No, Chaikovski nunca escribió un ballet para mí, pero había muchos papeles existentes listos para que los encarnase. Uno que codiciaba especialmente era Esmeralda, la protagonista del ballet basado en la obra de Víctor Hugo Notre Dame de París, el de la bailarina gitana que pierde a su gran amor, Febus, por otra mujer. Aunque yo lo deseaba, no conseguiría bailarlo hasta 1899: todavía no había aprendido a dirigirme al zarevich y a la corte para conseguir lo que quería en el teatro. A los veinte años aún era la chica obediente que escuchaba al regisseur, al maítre de ballet, al directeur. Sí, yo estaba loca por interpretar a Esmeralda, pero Petipa no me dejaba. «Escúchame, ma belle», empezaba cuando se lo pedía. Llevaba cincuenta años en Rusia y todavía hablaba solo francés. En la corte no era ningún problema, porque todos hablaban ese idioma, pero sí que lo era para nosotros en el teatro, donde, aparte de los términos de ballet, que siempre eran en francés, lo que conocíamos mejor era el ruso. No es raro que a Petipa se le diera tan bien la mímica. En su ruso defectuoso me dijo: «¿Tú ama?». Y cuando le aseguré que sí, que amaba, se acarició el bigote encerado. «¿Tú sufre?» A lo cual respondí: «Claro que no». Era una respuesta equivocada; solo un artista que comprendiera el sufrimiento que acompañaba al amor, me dijo, podía bailar aquel papel. El sabía de qué hablaba. Había estado casado dos veces y tenía aventuras con todas, desde una costurera a una bailarina.

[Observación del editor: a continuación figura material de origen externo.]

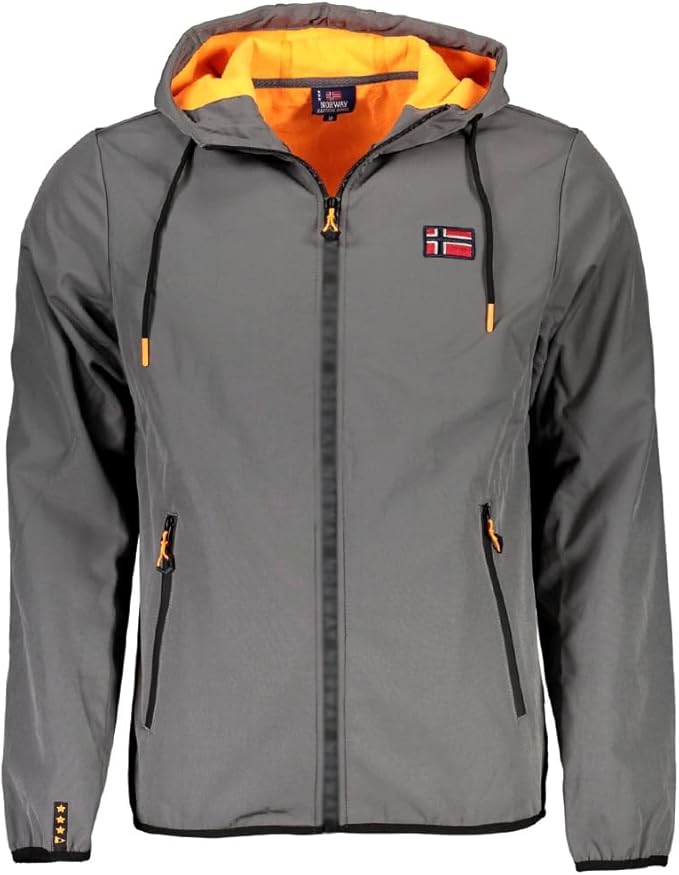 Casaco de manga comprida com capuz, 2 bolsos externos, 2 bolsos internos, detalhes contrastantes, fecho zíper, logótipo.
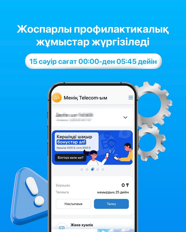 Құрметті клиенттер! Жоспарлы профилактикалық жұмыстарды жүргізуіне байланысты 15 сәуір сағат 00:00 -ден 05:45 -ке дейін telecom.kz сайтына және telecom kz мобильді қосымшасына кіру мүмкіндігіне шектеулер болуы мүмкін. Уақытша қолайсыздықтар үшін кешірім сұраймыз! ▪▪▪ Уважаемые клиенты! В связи с проведением плановых профилактических работ 15 апреля с 00:00 до 05:45 возможно ограничение доступа к сайту telecom.kz и мобильному приложению telecom kz. Приносим извинения за временные неудобства!
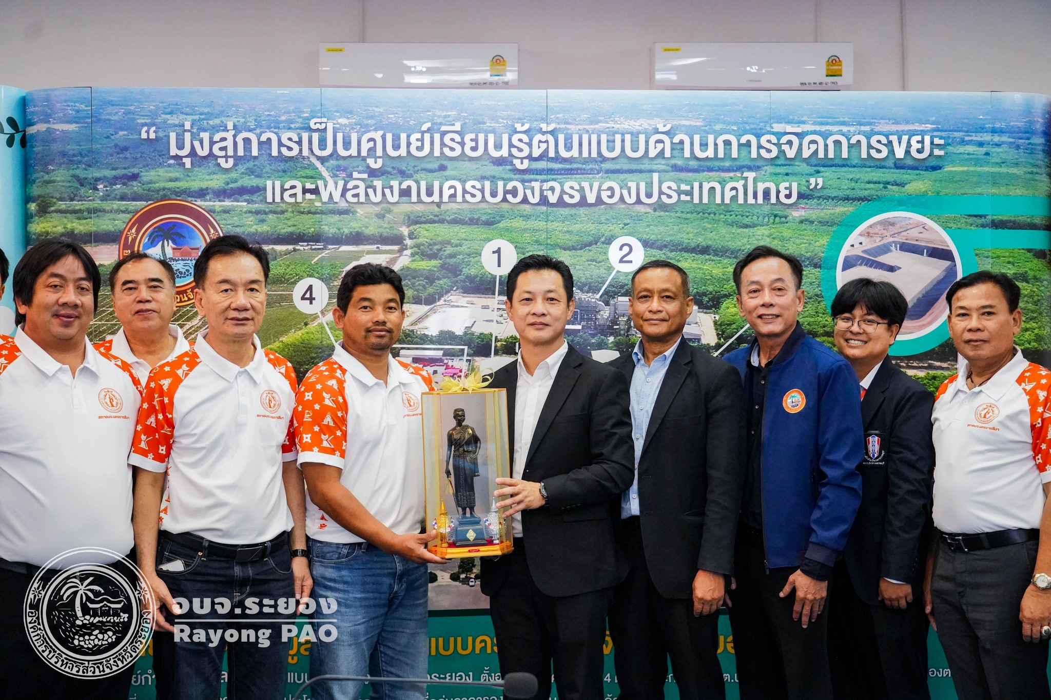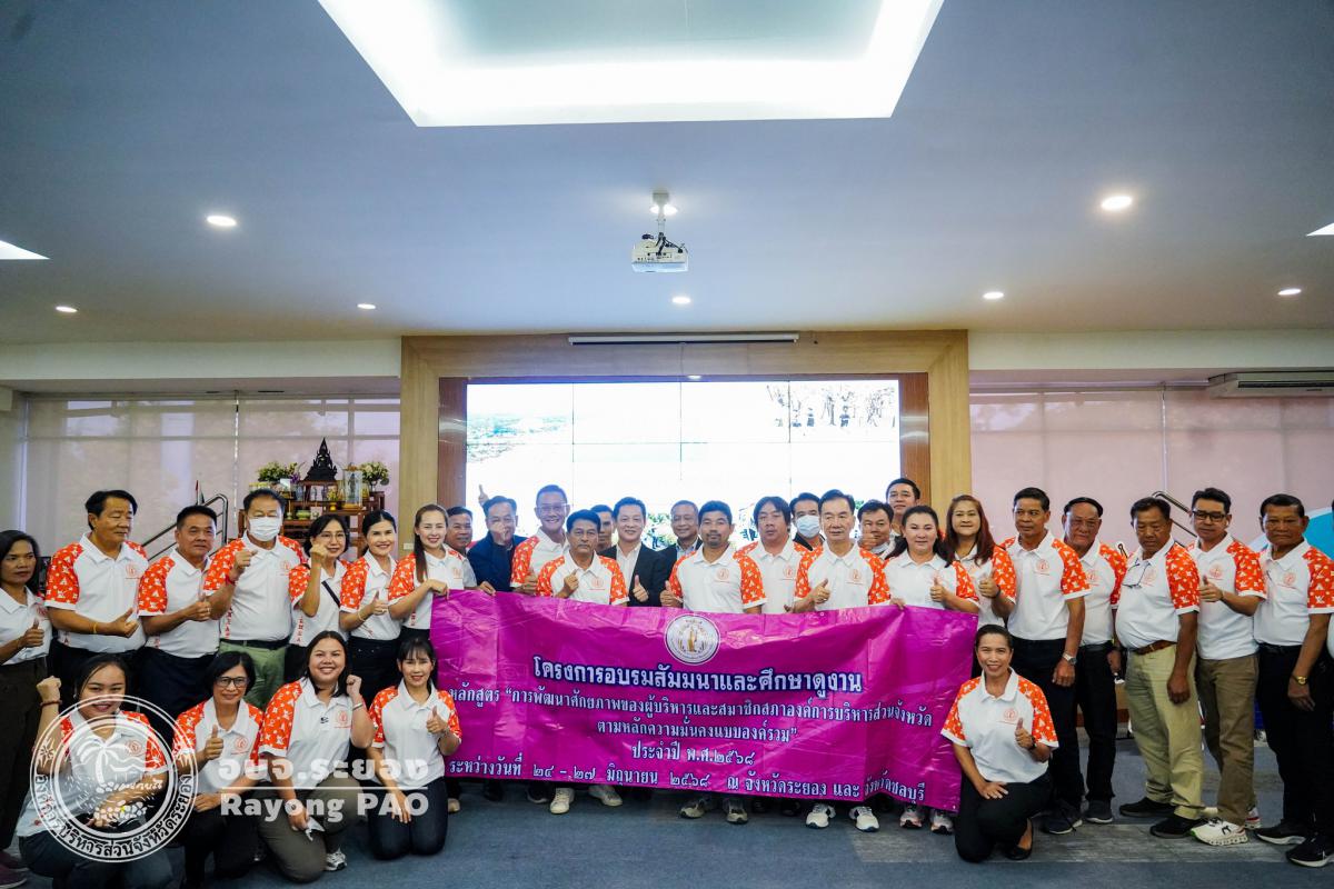 วันที่ 25 มิถุนายน 2568 เวลา 09.00 น. องค์การบริหารส่วนจังหวัดระยอง นำโดย นายกิตติ เกียรติ์มนตรี รองนายกองค์การบริหารส่วนจังหวัดระยอง (1) พร้อมด้วย นายพายัพ ผ่องใส เลขานุการนายกองค์การบริหารส่วนจังหวัดระยอง, นายสุริยะ ศิริวัฒน์ ผู้อำนวยการกองสาธารณสุข และเจ้าหน้าที่ที่เกี่ยวข้อง ร่วมให้การต้อนรับคณะศึกษาดูงานจาก องค์การบริหารส่วนจังหวัดนครราชสีมา ซึ่งนำโดย นายชัยวัฒน์ ชู้กระโทก รองนายกองค์การบริหารส่วนจังหวัดนครราชสีมา พร้อมคณะสมาชิกสภาองค์การบริหารส่วนจังหวัดนครราชสีมา และเจ้าหน้าที่ที่เกี่ยวข้อง เข้าศึกษาดูงานในโครงการอบรมสัมมนาและศึกษาดูงาน หลักสูตร “การพัฒนาศักยภาพของผู้บริหารและสมาชิกสภาองค์การบริหารส่วนจังหวัดตามหลักความมั่นคงแบบองค์รวม" ณ ศูนย์กำจัดขยะมูลฝอยรวมแบบครบวงจร จังหวัดระยอง
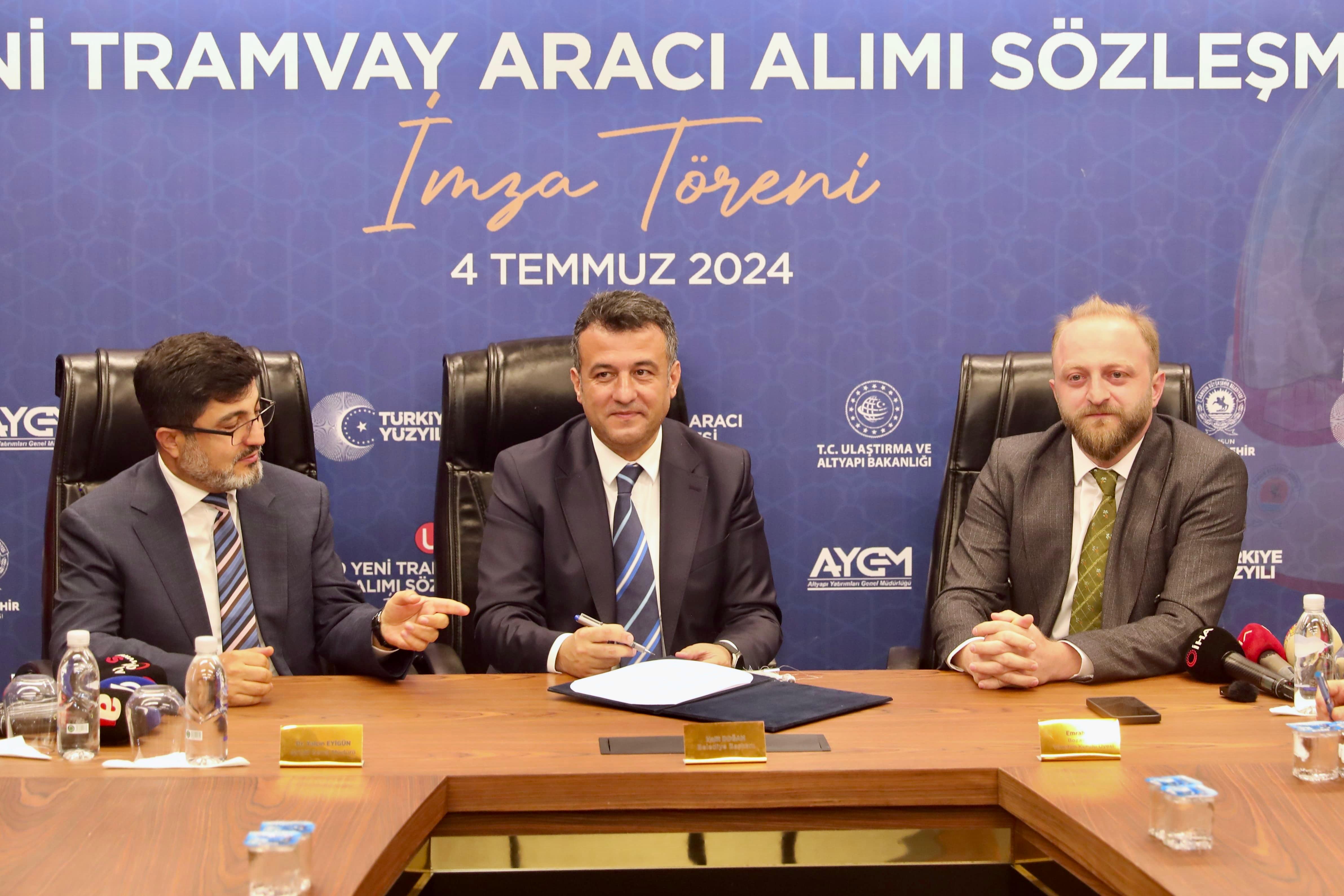 Samsun’da olmaktan ve 10 yeni tramvayı Samsun’a kazandıracak olmaktan dolayı duyduğu mutluluğu dile getiren Altyapı Yatırımları Genel Müdürü Dr. Yalçın Eyigün ise “Bizim için burada bulunmak büyük bir mutluluk. Sayın Cumhurbaşkanımızın takdiri ve talimatıyla bu önemli imzayı atmanın başlatıcısı olduk. Samsun Büyükşehir Belediyesi, Karadeniz'in önemli bir parçasıdır ve yeni tramvaylarımızla şehrimize önemli bir katkı sağlayacağız. Yeni tramvaylarımız yüzde 70 yerlilik oranıyla en yüksek yerlilik oranını sağlayacak. Ayrıca yüzde 10 eğimde sorunsuz bir şekilde hareket edebilecek kapasiteye sahip olacaklar. Yolcu konforunu düşünerek mevcut araçlardaki gelişim fırsatlarını değerlendireceğiz. Çift yönlü sürüş imkanı ve 466 yolcu kapasitesiyle şehir içi ulaşımını büyük ölçüde iyileştirecek olan 42 metre uzunluğundaki araçlar, sıkışıklıkları azaltacak ve yolcu konforunu artıracaktır. Halit Doğan Başkanımızın bu vizyonu ile daha birçok projeye imza atmayı planlıyoruz. Yeni tramvaylarımızın tüm Samsun halkına hayırlı olmasını diliyorum” ifadelerini kullandı.
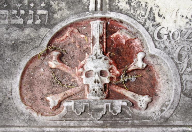 | Keywords: Beth Haim Detail 006.JPG en Detail of a headstone at the Jewish cemetery Beth Haim in Ouderkerk aan de Amstel Beth Haim in Ouderkerk aan de Amstel nl Detail van een grafsteen op de Portugees-Israƫlitische begraafplaats in Ouderkerk aan de Amstel own Janericloebe 2010-06 Beth Haim Reliefs of skull and crossbones Hourglass on Jewish gravestones Grave reliefs of skulls Symbols on Jewish gravestones | ||||

Un día yo sufriría, y un día Esmeralda se convertiría en mi mejor papel.
Era su muñeca que había cobrado vida
Pero en 1892 yo no sufría. El zarevich me visitaba en casa; me enviaba rosas y orquídeas a mi palco en las carreras de caballos del domingo, en la escuela de equitación Michel; me ofrecía pequeños regalos, joyas, un broche de oro, unos pendientes de esmeraldas, que al principio rechazaba, pero cuando vi que mis negativas le entristecían -y al fin y al cabo, me gustaban mucho aquellas chucherías- cambié de manera de actuar, felizmente. La codicia triunfó en mí por encima de los modales, y no por última vez. Sí, la timidez del zarevich y mi inocencia fueron buenos compañeros en su largo cortejo. Mi deseo por Niki todavía no era del todo el deseo de una mujer por un hombre, sino más bien el de una niña por el trofeo más importante que puede exhibir ante los demás con regocijo. Mis padres se habían ablandado un poco al ver que el cortejo de Niki beneficiaba a mi carrera, y mis hermanos estaban emocionados ante las posibilidades que tal alianza prometía para ellos. Aunque yo aceptaba las atenciones del zarevich «fuera» del escenario, parecía que las llevaba conmigo también sobre este, y ser la favorita del heredero aumentaba mi atractivo y el de toda mi familia. Los abonados balletómanos luchaban para conseguir entradas para las noches en que los cuatro Kschessinski actuábamos juntos en el mismo ballet. Una noche mi padre actuó como rey Florestán XIV en La bella durmiente, yo como Aurora, mi hermana como un paje del Hada de las Lilas y mi hermano Iósif era el príncipe Fortuné, un papel pequeño como porteur de Cenicienta en el divertissement del tercer acto.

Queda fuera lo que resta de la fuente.